Correlation-based Multiple Testing Procedures
Priscilla Bacino's Ph.D. Thesis Proposal (Dept. of Mathematical Sciences, MSU)
08/16/2022
Abstract:
Testing many hypotheses simultaneously without adjustment leads to an increased chance of false discoveries. Traditional methods for controlling the rate of spurious detections aim to obtain adjusted evidence for each hypothesis individually. This can lead to diminished power in large-scale testing situations, especially when the single effects may be too weak to be identified.
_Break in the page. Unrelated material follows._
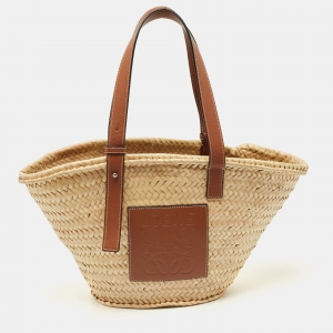 Loewe Beige/Brown Raffia and Leather Medium Basket Tote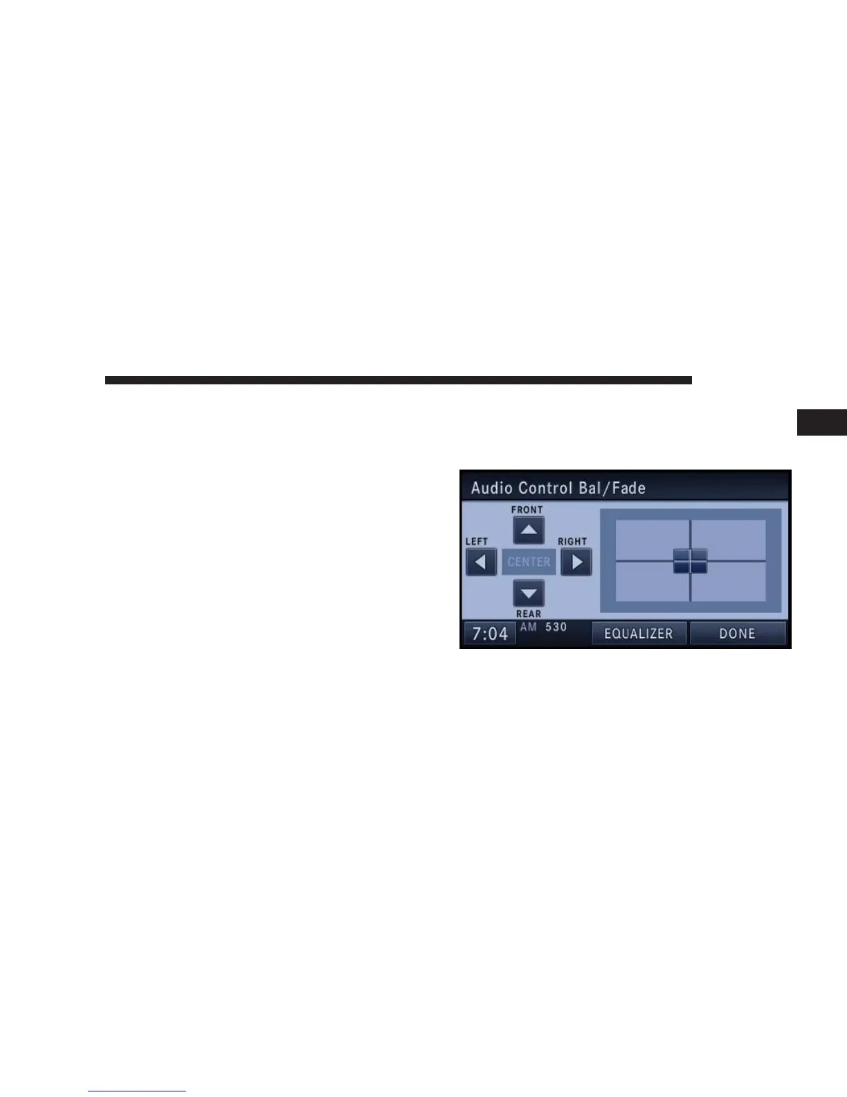 screen to change Balance and Fade. The CENTER soft-

A combination of signal detection among groups of hypotheses and signal identification of individual hypotheses has the potential to improve statistical power and provide enhanced interpretation of results. An efficient way to test groups of hypotheses and single hypotheses together is to begin testing with the global null hypothesis of no real effect for all variables, then proceed in a hierarchical manner to test smaller and smaller partitions until no more evidence is found or individual hypotheses are encountered.
We consider a hierarchical multiple testing method of the manner described above. The method was initially proposed by Meinshausen (2008) for selecting correlated variables in linear regression. We focus on applying the method to testing for multiple inter-group differences under the two-group model. The properties of the multiple testing procedure under marginal associations are studied under theory and using simulated data. Simulation and theoretical results show that the method provides family-wise error control. We also see in simulations that there is improvement in performance even at the individual variable level compared to traditional alternative methods. We illustrate the proposed method with data from a study on the response of plasma metabolites to Type I Diabetes Mellitus disease progression in non-obese mice.
Modifications to improve the power of the method as well as extensions to more complex model structures are considered and discussed as next steps.